What to work on → Your task is to transcribe all of the data below exactly, omitting the images.

Supplied data →
● ● ●

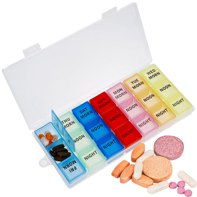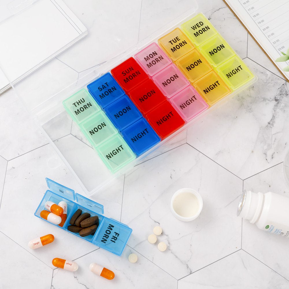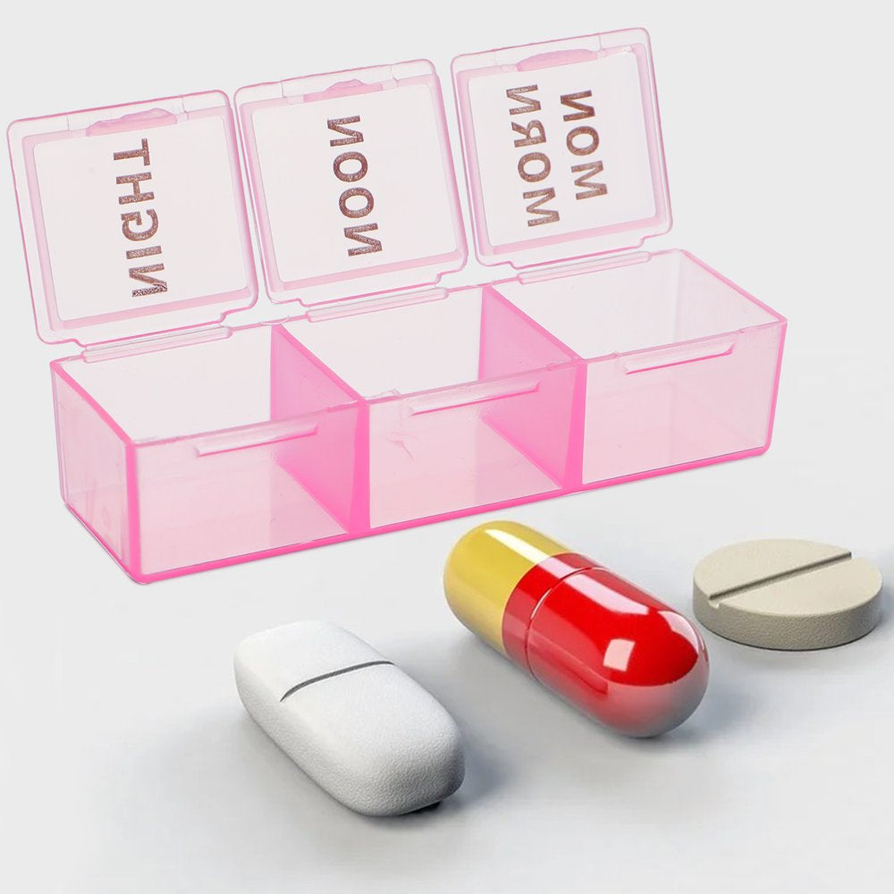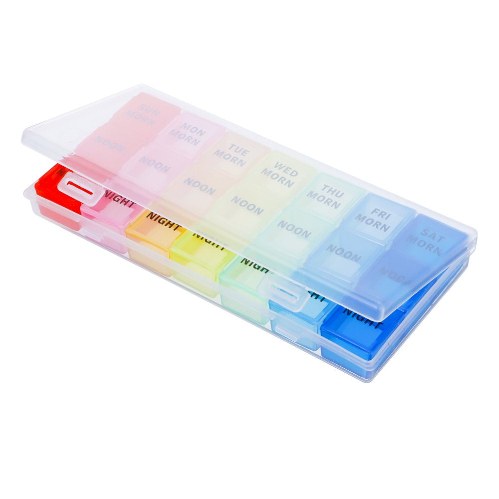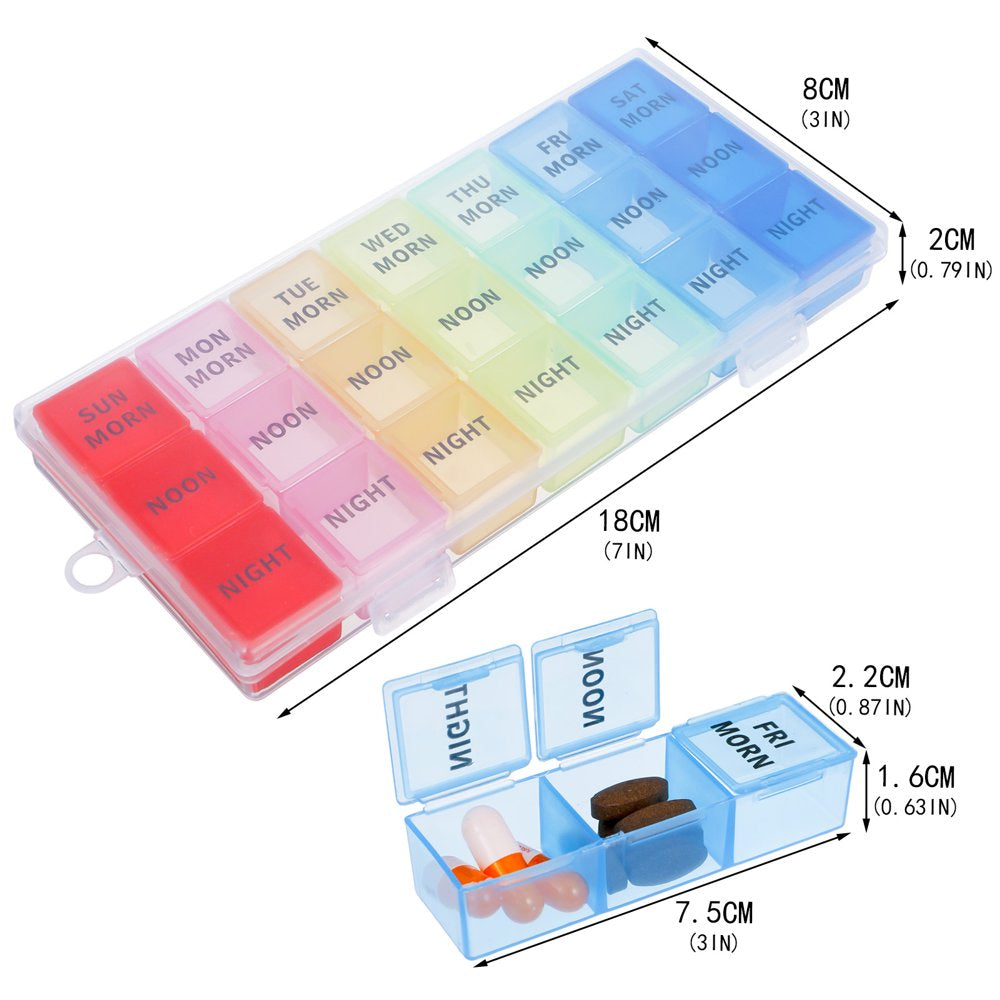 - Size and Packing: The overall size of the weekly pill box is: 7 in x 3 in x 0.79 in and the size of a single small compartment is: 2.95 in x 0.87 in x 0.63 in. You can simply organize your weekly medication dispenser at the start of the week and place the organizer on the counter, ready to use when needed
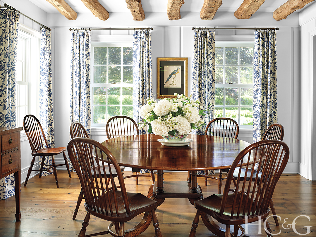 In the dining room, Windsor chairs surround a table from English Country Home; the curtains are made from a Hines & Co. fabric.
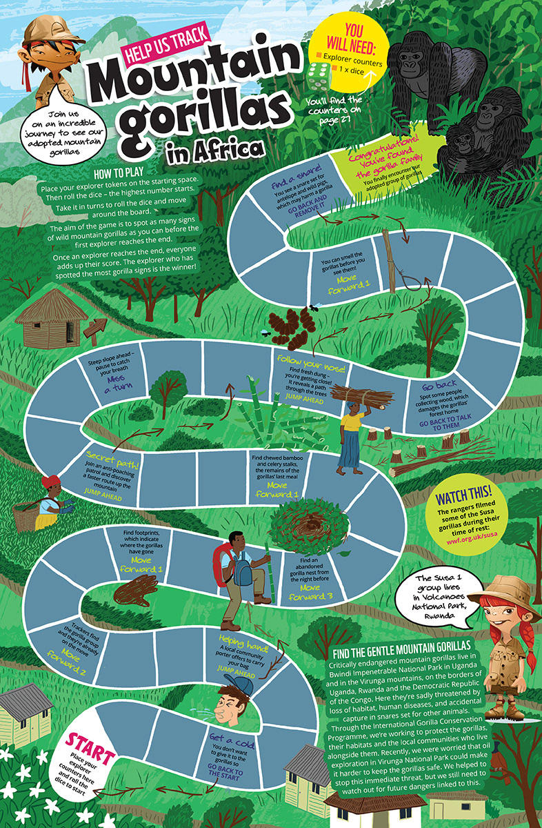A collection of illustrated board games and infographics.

● ● ●

Response to the exercise →
 - Size and Packing: The overall size of the weekly pill box is: 7 in x 3 in x 0.79 in and the size of a single small compartment is: 2.95 in x 0.87 in x 0.63 in. You can simply organize your weekly medication dispenser at the start of the week and place the organizer on the counter, ready to use when needed
 In the dining room, Windsor chairs surround a table from English Country Home; the curtains are made from a Hines & Co. fabric.
A collection of illustrated board games and infographics.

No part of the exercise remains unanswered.